Visitare i Mitrei di Budapest: Aquincum e il museo
Budapest, la capitale dell'Ungheria che tutti conosciamo come meta turistica, ha una storia sorprendentemente antica. Prima che Buda e Pest diventassero la capitale che conosciamo, a nord del centro storico, sulla riva destra del Danubio sorgeva Aquincum, un importante avamposto romano.
Questa città, che oggi giace in gran parte sotto le moderne strade di Budapest, era un tempo un fiorente centro della vita romana, con un anfiteatro, terme, acquedotti e un complesso sistema di strade. E anche un mitreo.
Viaggio ad Aquincum: un sito archeologico unico
Per immergersi completamente nell'antica Aquincum, è necessario spostarsi dal centro di Budapest. Andarci a piedi richiede parecchio tempo, quindi ci sono due alternative.
La prima sono i mezzi pubblici: Google Maps può aiutarvi a trovare la combinazione più efficace. Io ci sono andato in monopattino, usando Dott.
Il parco archeologico si raggiunge facilmente e non è particolarmente esteso. Per noi italiani, abituati a Pompei e a Roma, il sito non offre granché. Si possono vedere le fondamenta di case, strade e edifici pubblici che un tempo animavano questa importante città romana.
Ricordiamoci che Aquincum era un avamposto che segnava il confine dell'Impero. Era un punto strategico fondamentale per la difesa e per il commercio.

Le sorprese degli scavi:
Gli scavi ad Aquincum hanno portato alla luce reperti incredibili. Una delle scoperte più sorprendenti è stato un organo a canne, un vero e proprio strumento musicale dell'epoca romana, che è stato persino ricostruito.
Oltre a questo, sono state ritrovate le fondamenta di due edifici significativi: un mitreo, luogo di culto dedicato al dio Mitra, e la casa di un pittore.

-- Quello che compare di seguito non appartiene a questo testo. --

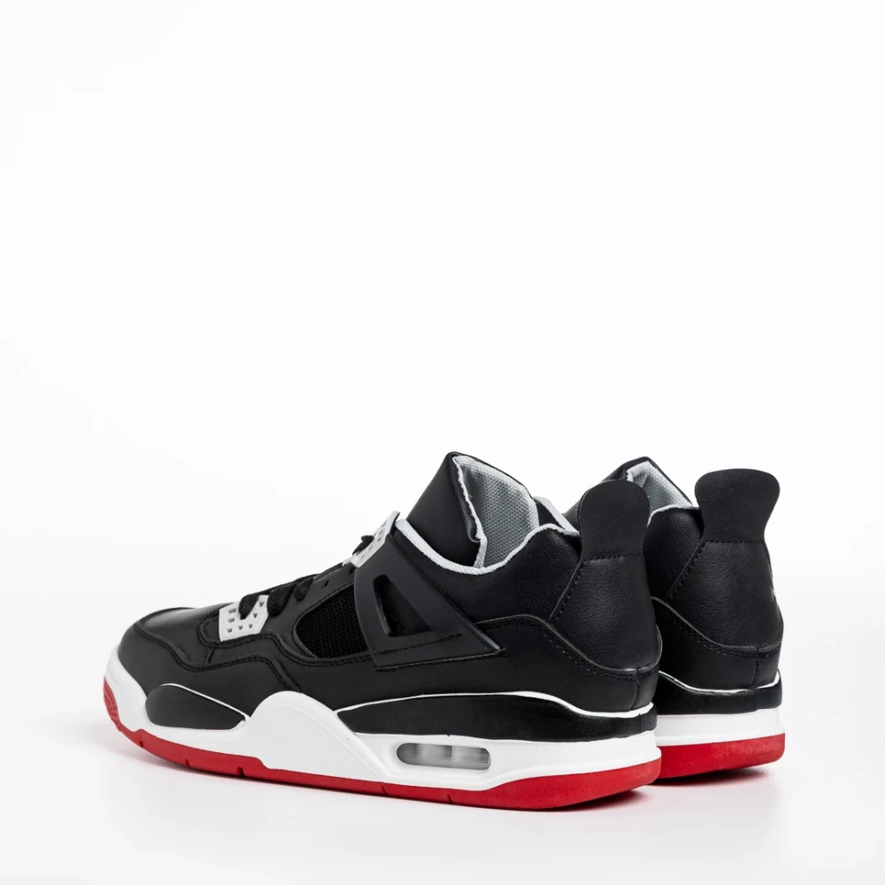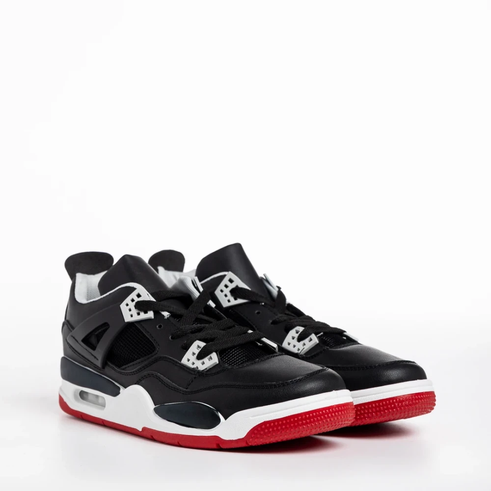 Pantofi sport barbati negri cu rosu din piele ecologica Abramo
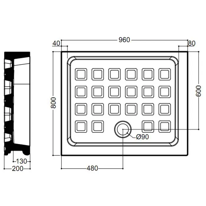Kerasan Retro поддон прямоуг. 80х96см SX, диаметр слива 9см, цвет: белый
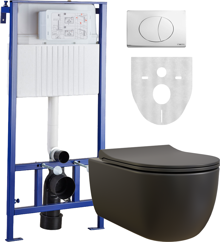 Комплект Унитаз подвесной BOCCHI V-Tondo 1416-004-0129 тонкая крышка с микролифтом, черный матовый + Система инсталляции для унитазов STWORKI 510163 + Кнопка смыва STWORKI 230823 хром матовый
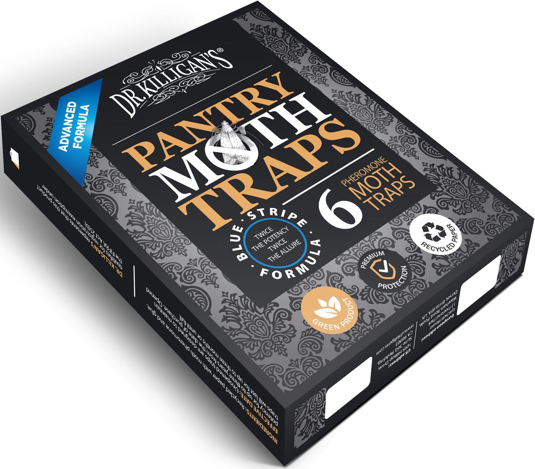 - אפשרויות עיצוב - מלכודות העש של ד"ר קיליגן מעוצבות גם הן בצורה מרשימה, כך שתוכלו להציג אותן בביטחון. בחרו בין שתי אפשרויות עיצוב ייחודיות בעת רכישת חבילה של 6 מלכודות עש פרימיום למזווה. שתי האפשרויות כוללות את אותם פרומונים קנייניים בעלי עוצמה כפולה ואת הדבק ברמה תעשייתית.
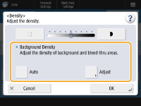 | | You can adjust density of the background. This enables you to make clear copies of originals such as newspapers or originals with colored backgrounds. Adjusting the Density of the Background of Copies |
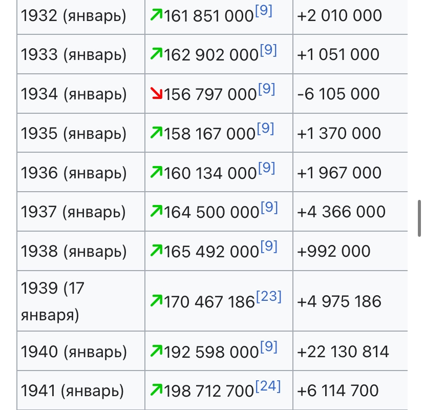 >>936969 (OP) Да это хуйня всё, просто мочёные размазали рост населения по годам чтобы создавалось впечатление геноцида, расстрелов, голода, и прочей хуйни. Вот смотри статистику. Сначала минус 6кк во время «голодомора», потом +-1кк. А потом хуяк +4кк в 39, +22кк в 40 и +6кк в 41 году. Очевидно чтоб создать видимость «чекистского геноцида» так размазали рост населения.

Quest'ultima, in particolare, offre uno spaccato sulla vita dei cittadini più abbienti, mostrando come erano decorate le loro dimore. È incredibile pensare che questi resti siano ancora visibili oggi, testimoni silenziosi di un passato lontano.
Il Mitreo ricostruito
Veniamo alle dote dolenti. Il mitreo Symphorus di Aquincum è stato "ricostruito". In modo molto fedele ai documenti storici, certo, ma pur sempre ricostruito. Vi troverete quindi a visitare un ambiente molto illuminato (e qui ci allontaniamo da ciò che sappiamo di questo culto, che probabilmente privilegiava le ore notturne, la penombra e la luce incerta delle torce) ma a cui va comunque riconosciuto il merito di tentare di rendere un'esperienza.
Al suo interno, i molti reperti originali, spesso frammentari, sono stati combinati, verrebbe quasi da dire "incastonati", in una ricostruzione moderna. L'insieme può piacere o meno, ovviamente.
Gli altri mitrei
In realtà, gli scavi archeologici hanno permesso di identificare altri luoghi di culto dedicati a Mitra, sempre ad Aquincum. Complessivamente, se ne conterebbero almeno sei: l'ultima scoperta risale al 2023. Si tratta quasi sempre di spazi di cui sono rimaste appena le fondamenta e che vengono identificati come probabili mitrei in base ad alcuni elementi architettonici. Purtroppo, il ritrovamento di statue o dipinti murali è assai raro.
Altre testimonianze di Mitra a Budapest
Il Mitreo di Aquincum non è l'unico luogo di interesse per gli appassionati di Mitra. Come capita in molti luoghi, infatti, i reperti ritrovati ad Aquincum sono stati in buona parte spostati altrove. E alcune chicche si trovano al Museo Nazionale Ungherese: per inciso, si tratta di una tappa quasi obbligata in una vita culturale a Budapest che si rispetti.
In particolare, mi ha colpito la tauroctonia di Szony, una rappresentazione di Mitra che uccide il toro... in bronzo! La trovate in una grande sala sotterranea dedicata al passato romano. Dovete cercare una colonna espositiva in vetro, che contiene diversi reperti di dimensioni medio-piccole. Fate bene attenzione, perché non è enorme e potrebbe sfuggirvi.

A parte un foro, chiaramente uno sfregio, proprio al centro del volto di Mitra, il resto della rappresentazione è in condizioni ottime e si possono riconoscere tutti gli elementi che conosciamo. Il cane, lo scorpione, il serpente, Cautes, Caupetes etc.
Già che siete in questo museo, godetevi anche il tesoro di Seuso: un insieme di argenteria romana, circa 20 chili di oggetti preziosi, tra cui un supporto per bacili che lascia a bocca aperta. È un esempio incredibile di arte e artigianato dell'epoca. Non è l'unica cosa che brilla, c'è anche una corona che proviene da una tomba reale ungherese, un vero pezzo di storia.